Derby Day Tales: THE FIRST TIME (Part III)

My first East Midlands derby took place in our last season in the top flight. If you need some context to make you shudder, Tony Dorigo scored against us for Derby. If you are unsure who Tony Dorigo is then it only reinforces the point that it was a long, long time ago.

I’d started to attend games regularly the season before and witnessed us get promoted six months prior but I’d yet to experience anything with intensity quite like this. Derby were in town.

It was a Monday evening kick-off live on TV in November. I insisted on wearing my Forest shirt over the top of my coat because things like that mattered to an excited 13 year old. It did then anyway. Thinking about it you don’t see much of this anymore.

Walking past Nottingham Station with my older brother and some of his pals I got my first glimpse of the enemy. A group of Derby fans had been rounded up off their train and were being marched down towards London Road via the back streets.

This small escort crossed our path and we somehow ended up inside it. I remember thinking this was quite amusing and felt no danger until a police office screamed to his colleague (and I do mean screamed): GET THEM OUT OF HERE’.

The Trent End was humming along like I had never seen before. The entire ground was the same although it was far from a sell-out, even with 4,000 away fans. That seems disappointing looking back now but we hardly sold out any games that season – the 1-8 against United we definitely did, perhaps the 2-2 with the Scousers, but not many. Some context, however, is needed here. The club was crippled by the ownership of Nigel Wray and Irving Scholar and fans had revolted after a catastrophic summer which still haunts the club to this day in my opinion.

Forest were also anchored to the foot of the table although it didn’t appear to matter to anyone inside The City Ground that night.

As the game began I was absorbed into the atmosphere and the… desperation. I’d get used to the game-long ache of nerves in the years to come that accompany these fixtures but my youthful naivety and enthusiasm were more than enough to overcome any worries on this occasion.

I was particularly fond of the anti-Derby rhetoric that dominated much of the noise early on. I heard a new song which I instantly adored and would share the following day with my school mates:

‘Forever and ever,

We’ll follow our team,

We’re Nottingham Forest, we rule supreme,

We’ll never be mastered,

By you Derby bastards,

We’ll keep the Red flag flying high…’

I can recall hearing this at Hillsborough a few weeks later in what was my first ever away game.

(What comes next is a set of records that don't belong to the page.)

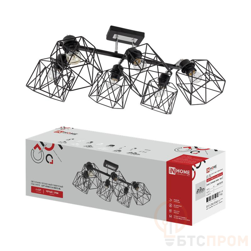 Люстра поворотная LOFT ATIKO-СLА-6E27L-BL в стиле лофт станет стильным акцентом в современном интерьере. Модель выполнена в строгом черном цвете с матовым хромированным покрытием, что обеспечивает ее универсальность и долговечность.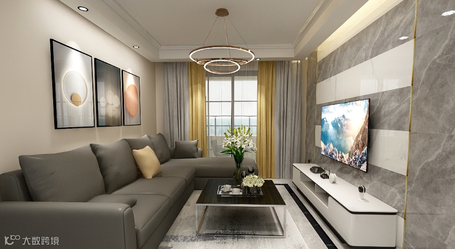 客厅|主灯的环形设计首先归置了整个空间的温顺,明亮的黄是点缀整个空间的色彩,用温暖而柔和的质感沙发挑动着你的感官,白灰相间的大理石背景墙带来独特简约的氛围,与几何挂画呼应着,突显了方与圆的美学搭配理念。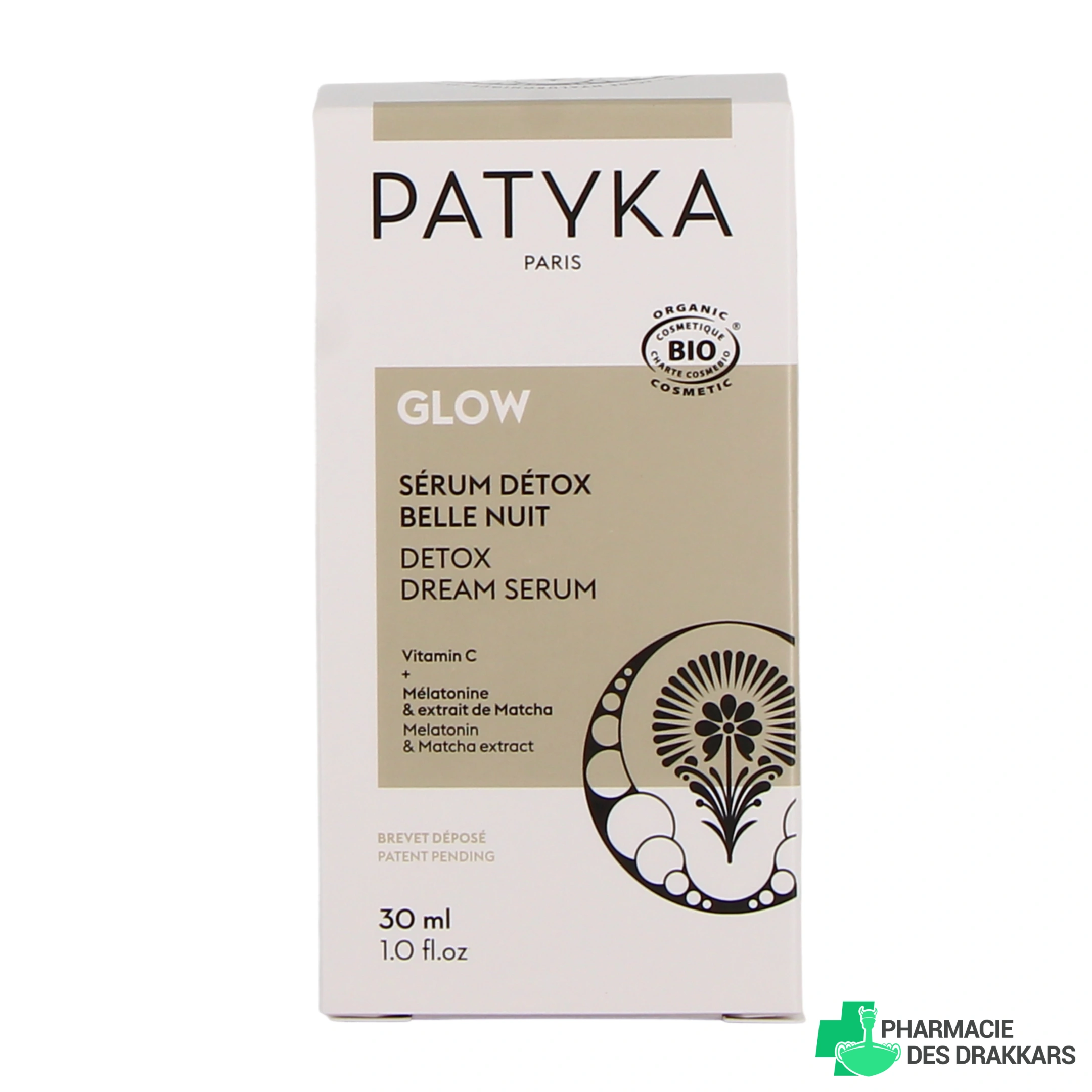 Présentation proposée sur notre pharmacie en ligne pour le sérum détox belle nuit Patyka Glow : flacon-pipette de 30 ml.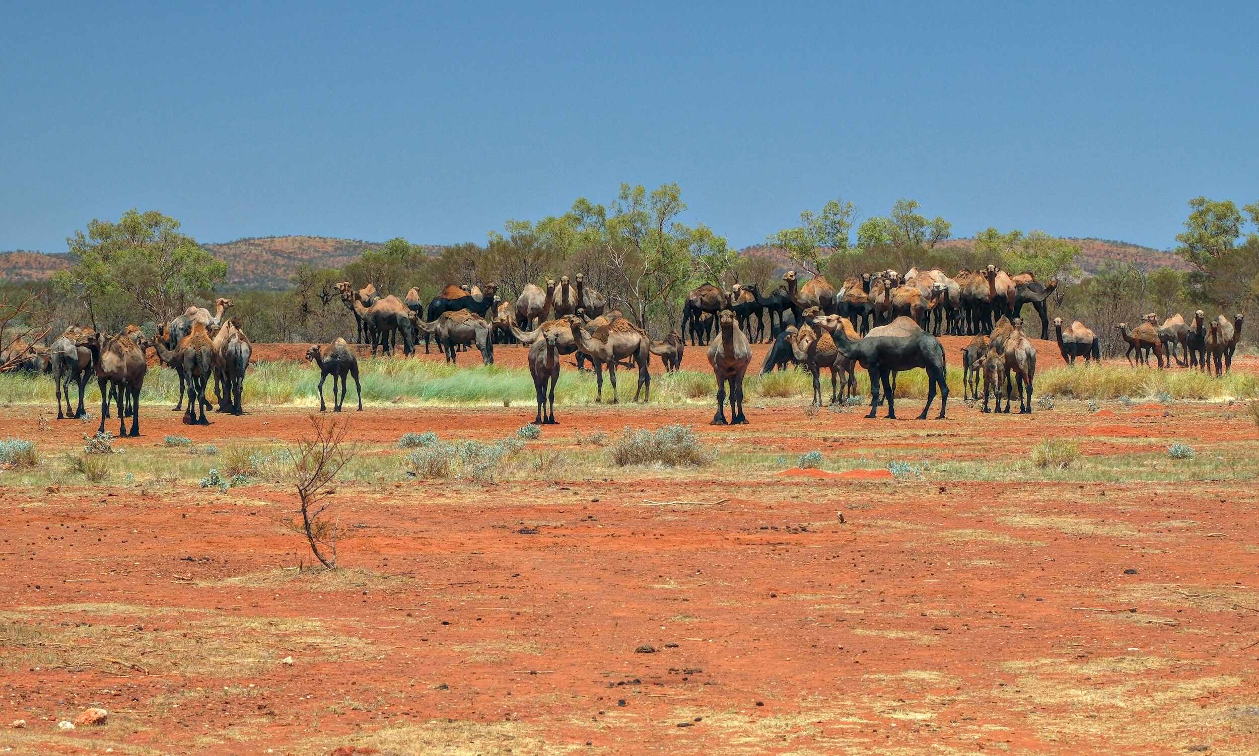 Ein Wasserloch am Ort zieht hunderte wilder Kamele an.

But this time ‘Derby’ was replaced by ‘Yorkshire’. Until then I had figured this was exclusively a Derby bashing song and was amazed by the genius of switching it each time to our opponents. The simple joy that can be found at that age!

The game was a pretty good one but it really sprang into life during the second half with all four goals coming in fifteen minutes. That man Dorigo opened the scoring from the penalty spot after Dean Strurridge was tripped by Thierry Bonalair. Cue despair and heartache which lasted all of one minute before Dougie Freedman pounced to level the score. Now the flip side as joy and wild celebration ripped through the ground.

Five minutes later and the place erupted when Pierre Van Hooijdonk nodded in from a corner.

Pierre had recently returned from his infamous strike and this was his first goal since he had ended his exile. He ran to celebrate in front of the Trent End but not one of his team mates joined him; they instead had their own celebration. Van Hooijdonk was belatedly greeted by Bonalair and Nigel Quashie but the point had been made.

Not that any of the supporters cared about this in the moment, you understand. We were all going bonkers. I had been lifted into the air by my brother and could witness from up high the scale of the delight across the upper Trent End. Over twenty years on and I can still recall someone from the rows behind violently patting my head in the midst of the celebration.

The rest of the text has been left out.